ABU DHABI // The authority for Islamic affairs has told travel agents to ensure Emiratis and expatriates pay the same to perform Haj this year.
Almost 5,000 pilgrims from the UAE will join millions of Muslims around the world in Saudi Arabia next month.
Travel agencies offering Haj packages have charged as much as Dh70,000 a person for expats, but the General Authority of Islamic Affairs and Endowments, or Awqaf, wants that cut to Dh35,000 for basic packages.

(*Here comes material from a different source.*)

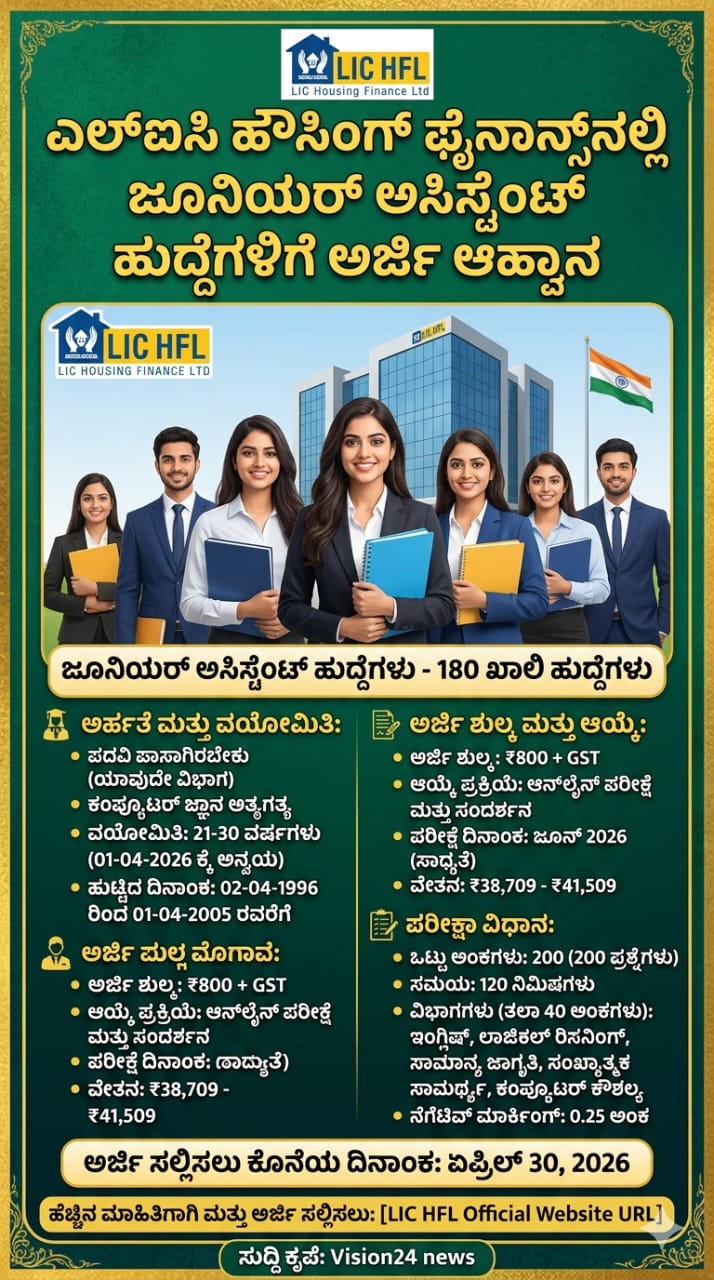 ದೇಶಾದ್ಯಂತ ಇರುವ ವಿವಿಧ ಶಾಖೆಗಳಲ್ಲಿ ಖಾಲಿ ಇರುವ ಜೂನಿಯರ್ ಅಸಿಸ್ಟೆಂಟ್ ಹುದ್ದೆಗಳ ಭರ್ತಿಗಾಗಿ ಎಲ್ಐಸಿ ಹೌಸಿಂಗ್ ಫೈನಾನ್ಸ್ ಲಿಮಿಟೆಡ್ (LIC HFL) ಅಧಿಸೂಚನೆ ಹೊರಡಿಸಿದೆ. ಈ ನೇಮಕಾತಿ ಪ್ರಕ್ರಿಯೆಯ ಮೂಲಕ ಒಟ್ಟು 180 ಹುದ್ದೆಗಳನ್ನು ಭರ್ತಿ ಮಾಡಲಾಗುತ್ತಿದ್ದು, ಪದವೀಧರ ಅಭ್ಯರ್ಥಿಗಳಿಗೆ ಇದು ಉತ್ತಮ ಅವಕಾಶವಾಗಿದೆ. ಆಸಕ್ತ ಮತ್ತು ಅರ್ಹ ಅಭ್ಯರ್ಥಿಗಳು ಏಪ್ರಿಲ್ 16, 2026 ರಿಂದ ಆನ್ಲೈನ್ ಮೂಲಕ ಅರ್ಜಿ ಸಲ್ಲಿಸಬಹುದಾಗಿದೆ.

The price includes visas, transport, food, vaccinations and lodgings throughout the trip, which takes up to two weeks.
Haj is one of the five pillars of Islam that all able-bodied Muslims must perform at least once in their lives. Dr Mohammed Al Kaabi, Awqaf chairman, said that every UAE pilgrim would pay the same to travel agents, also known as Haj missions.
“Some missions used to be unjust to expatriates by charging them higher rates. Why is that?” asked Dr Al Kaabi.

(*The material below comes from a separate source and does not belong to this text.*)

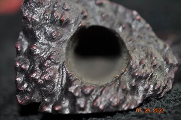 Jeff took photos of the sandblast finish around the bowl sides to show the deep and flowing rustication around the bowl. You can also see the dust and debris in the grooves of he blast.

“On top of their limited salaries, the missions took advantage of their situation. Some did not have the financial capability so they would go into debt.”
The 142 Haj missions are organising trips for 4,631 Emiratis and 351 expats this year.
Dr Al Kaabi said travel agents would be monitored to ensure they did not overcharge or breach rules.
Firas Ismail, office manager at the Sharjah Haj mission Al Shuhba, said expats were sometimes charged more because of visa requirements.
“Sometimes rates for expats reached Dh10,000 and Dh15,000 more for visa procedures and so on,” Mr Ismail said. “But for three years we have not taken any expat pilgrims with us.”
Syrian housewife Maisa Omar performed Haj with her husband last year and in 2014. She found it cheaper to register for the trip through an agency in Lebanon.
“When I asked last year the rates for residents were between Dh50,000 and Dh90,000, but for nationals it was much less because they don’t have to pay for the visa,” said Ms Omar, 38.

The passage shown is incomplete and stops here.